Among the records that follow, find each line holding the word "what" and copy it.

*** Stored data ***

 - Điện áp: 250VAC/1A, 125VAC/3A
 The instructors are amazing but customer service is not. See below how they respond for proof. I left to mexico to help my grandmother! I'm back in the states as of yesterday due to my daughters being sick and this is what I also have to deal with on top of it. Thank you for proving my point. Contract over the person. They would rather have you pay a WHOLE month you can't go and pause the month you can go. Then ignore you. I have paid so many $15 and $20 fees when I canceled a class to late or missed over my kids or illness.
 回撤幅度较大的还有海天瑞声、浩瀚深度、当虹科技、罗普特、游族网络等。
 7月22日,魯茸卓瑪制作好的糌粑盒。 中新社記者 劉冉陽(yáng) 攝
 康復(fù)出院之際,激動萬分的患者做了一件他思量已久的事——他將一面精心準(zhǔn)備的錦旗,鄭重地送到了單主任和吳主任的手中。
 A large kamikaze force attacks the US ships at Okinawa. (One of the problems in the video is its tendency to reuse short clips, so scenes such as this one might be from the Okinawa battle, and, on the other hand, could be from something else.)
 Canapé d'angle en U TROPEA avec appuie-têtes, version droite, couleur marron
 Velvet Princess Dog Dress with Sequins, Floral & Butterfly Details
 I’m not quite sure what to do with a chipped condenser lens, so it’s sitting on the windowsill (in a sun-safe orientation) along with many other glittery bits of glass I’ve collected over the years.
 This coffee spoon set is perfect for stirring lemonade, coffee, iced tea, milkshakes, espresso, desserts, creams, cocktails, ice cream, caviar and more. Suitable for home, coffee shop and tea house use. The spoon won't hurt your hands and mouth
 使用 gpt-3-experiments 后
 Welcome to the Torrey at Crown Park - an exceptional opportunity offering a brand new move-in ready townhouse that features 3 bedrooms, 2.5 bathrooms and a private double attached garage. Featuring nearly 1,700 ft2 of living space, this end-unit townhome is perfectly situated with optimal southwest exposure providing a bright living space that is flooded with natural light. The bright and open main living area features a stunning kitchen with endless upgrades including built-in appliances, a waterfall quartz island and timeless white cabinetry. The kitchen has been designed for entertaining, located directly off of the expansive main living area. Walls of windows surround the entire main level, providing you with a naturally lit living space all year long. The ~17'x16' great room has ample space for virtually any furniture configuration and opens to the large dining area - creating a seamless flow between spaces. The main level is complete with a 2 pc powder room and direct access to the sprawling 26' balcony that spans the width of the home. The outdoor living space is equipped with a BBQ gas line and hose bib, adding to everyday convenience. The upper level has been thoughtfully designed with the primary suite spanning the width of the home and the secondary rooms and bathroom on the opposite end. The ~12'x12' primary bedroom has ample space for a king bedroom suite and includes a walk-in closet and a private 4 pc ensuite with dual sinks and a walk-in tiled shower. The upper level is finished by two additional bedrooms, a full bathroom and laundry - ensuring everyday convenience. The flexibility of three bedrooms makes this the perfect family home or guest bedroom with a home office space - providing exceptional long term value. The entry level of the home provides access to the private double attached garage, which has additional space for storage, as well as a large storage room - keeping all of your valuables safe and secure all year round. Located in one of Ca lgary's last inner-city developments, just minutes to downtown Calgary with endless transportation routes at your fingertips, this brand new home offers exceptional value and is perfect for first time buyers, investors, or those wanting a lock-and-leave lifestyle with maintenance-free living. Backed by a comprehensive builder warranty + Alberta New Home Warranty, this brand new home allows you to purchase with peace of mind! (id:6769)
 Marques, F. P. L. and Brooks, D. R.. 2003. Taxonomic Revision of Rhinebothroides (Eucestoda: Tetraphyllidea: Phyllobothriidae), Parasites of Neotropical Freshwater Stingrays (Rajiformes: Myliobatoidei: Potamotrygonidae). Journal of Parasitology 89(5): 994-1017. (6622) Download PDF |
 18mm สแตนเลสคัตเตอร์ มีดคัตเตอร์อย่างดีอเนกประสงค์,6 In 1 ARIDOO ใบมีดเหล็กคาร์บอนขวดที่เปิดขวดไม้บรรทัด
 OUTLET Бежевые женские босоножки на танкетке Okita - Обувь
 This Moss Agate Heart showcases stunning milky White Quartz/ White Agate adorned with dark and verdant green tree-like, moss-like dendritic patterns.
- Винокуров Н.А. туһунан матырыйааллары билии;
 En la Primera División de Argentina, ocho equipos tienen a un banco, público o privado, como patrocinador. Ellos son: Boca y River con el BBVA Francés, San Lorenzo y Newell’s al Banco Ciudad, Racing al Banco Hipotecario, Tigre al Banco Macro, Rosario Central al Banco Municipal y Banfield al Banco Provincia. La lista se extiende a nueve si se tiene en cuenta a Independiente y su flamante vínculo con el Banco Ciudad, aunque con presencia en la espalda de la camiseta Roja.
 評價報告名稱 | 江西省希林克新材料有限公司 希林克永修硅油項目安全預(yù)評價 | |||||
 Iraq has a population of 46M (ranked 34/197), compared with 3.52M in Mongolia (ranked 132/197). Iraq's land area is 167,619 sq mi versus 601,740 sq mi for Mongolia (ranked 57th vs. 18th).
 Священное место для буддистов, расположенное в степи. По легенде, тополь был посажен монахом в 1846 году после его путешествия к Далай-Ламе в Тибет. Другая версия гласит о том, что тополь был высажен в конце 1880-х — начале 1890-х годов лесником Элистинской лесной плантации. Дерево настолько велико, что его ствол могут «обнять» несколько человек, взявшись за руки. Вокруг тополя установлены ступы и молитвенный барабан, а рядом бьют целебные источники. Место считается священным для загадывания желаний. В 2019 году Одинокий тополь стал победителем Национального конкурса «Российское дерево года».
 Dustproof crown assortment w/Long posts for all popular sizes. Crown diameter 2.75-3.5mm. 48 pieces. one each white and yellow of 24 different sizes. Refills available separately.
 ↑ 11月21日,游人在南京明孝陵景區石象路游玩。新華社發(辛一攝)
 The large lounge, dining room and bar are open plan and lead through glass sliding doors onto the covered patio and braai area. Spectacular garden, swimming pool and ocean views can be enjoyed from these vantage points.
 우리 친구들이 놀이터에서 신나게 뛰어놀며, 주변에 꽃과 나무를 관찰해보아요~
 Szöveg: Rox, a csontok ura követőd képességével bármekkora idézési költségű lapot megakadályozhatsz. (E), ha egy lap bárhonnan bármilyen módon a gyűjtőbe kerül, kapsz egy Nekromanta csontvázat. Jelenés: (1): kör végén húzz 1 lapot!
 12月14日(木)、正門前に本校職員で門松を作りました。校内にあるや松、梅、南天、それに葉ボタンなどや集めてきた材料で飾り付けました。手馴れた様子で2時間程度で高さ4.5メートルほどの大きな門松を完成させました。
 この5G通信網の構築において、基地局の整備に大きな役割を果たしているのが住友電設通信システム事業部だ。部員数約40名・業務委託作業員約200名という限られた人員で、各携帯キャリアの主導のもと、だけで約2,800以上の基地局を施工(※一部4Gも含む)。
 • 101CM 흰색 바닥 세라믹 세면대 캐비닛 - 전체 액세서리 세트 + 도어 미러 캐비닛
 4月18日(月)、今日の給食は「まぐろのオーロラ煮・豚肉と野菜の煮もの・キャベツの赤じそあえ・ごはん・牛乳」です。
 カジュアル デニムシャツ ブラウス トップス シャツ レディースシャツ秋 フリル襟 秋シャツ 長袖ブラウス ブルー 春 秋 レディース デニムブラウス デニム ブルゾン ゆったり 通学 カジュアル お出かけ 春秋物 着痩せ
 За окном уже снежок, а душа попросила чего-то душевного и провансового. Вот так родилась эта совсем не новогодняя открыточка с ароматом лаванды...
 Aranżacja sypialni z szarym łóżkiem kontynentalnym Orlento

***

Output of the exercise:
 The instructors are amazing but customer service is not. See below how they respond for proof. I left to mexico to help my grandmother! I'm back in the states as of yesterday due to my daughters being sick and this is what I also have to deal with on top of it. Thank you for proving my point. Contract over the person. They would rather have you pay a WHOLE month you can't go and pause the month you can go. Then ignore you. I have paid so many $15 and $20 fees when I canceled a class to late or missed over my kids or illness.
 I’m not quite sure what to do with a chipped condenser lens, so it’s sitting on the windowsill (in a sun-safe orientation) along with many other glittery bits of glass I’ve collected over the years.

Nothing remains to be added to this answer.